• [Work request] Starting from the line with "Tagliere in cristallo" and going up to and including the line with "Sefcsik Viktor: Tisztelet Picassonak", copy the listing below exactly. Leave all images out.

• [Data]
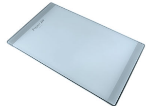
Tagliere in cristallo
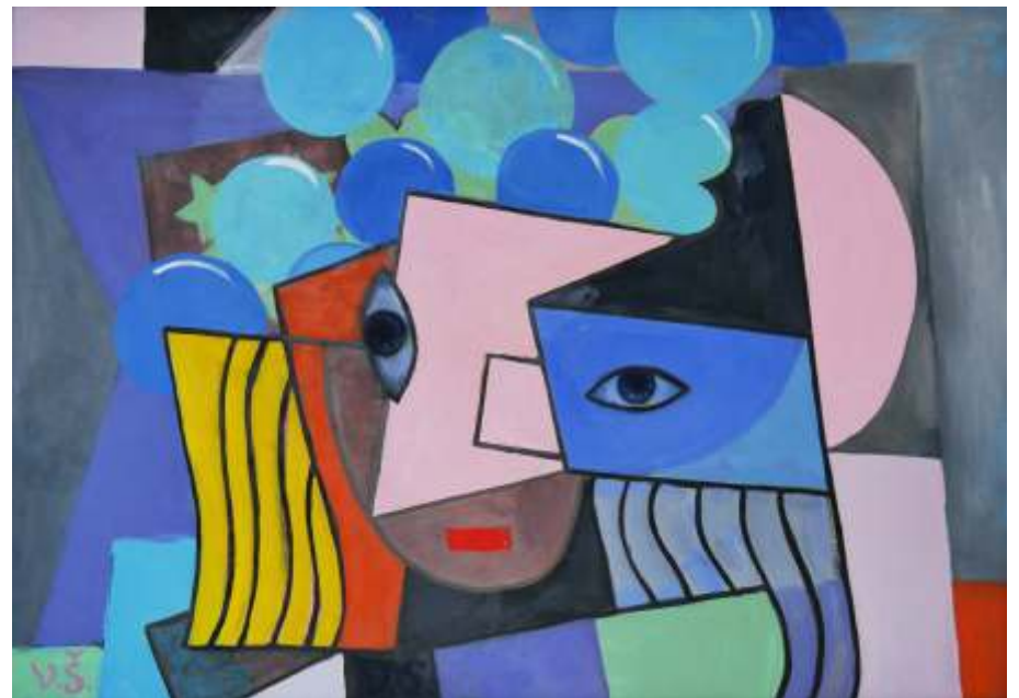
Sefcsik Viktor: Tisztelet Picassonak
* * *
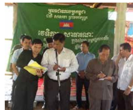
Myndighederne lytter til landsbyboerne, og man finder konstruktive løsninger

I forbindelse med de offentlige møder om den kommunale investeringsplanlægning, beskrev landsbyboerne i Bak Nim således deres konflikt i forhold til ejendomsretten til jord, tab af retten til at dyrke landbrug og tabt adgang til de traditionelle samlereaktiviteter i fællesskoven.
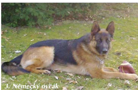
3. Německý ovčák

• [Exercise answer]
Tagliere in cristallo
Sefcsik Viktor: Tisztelet Picassonak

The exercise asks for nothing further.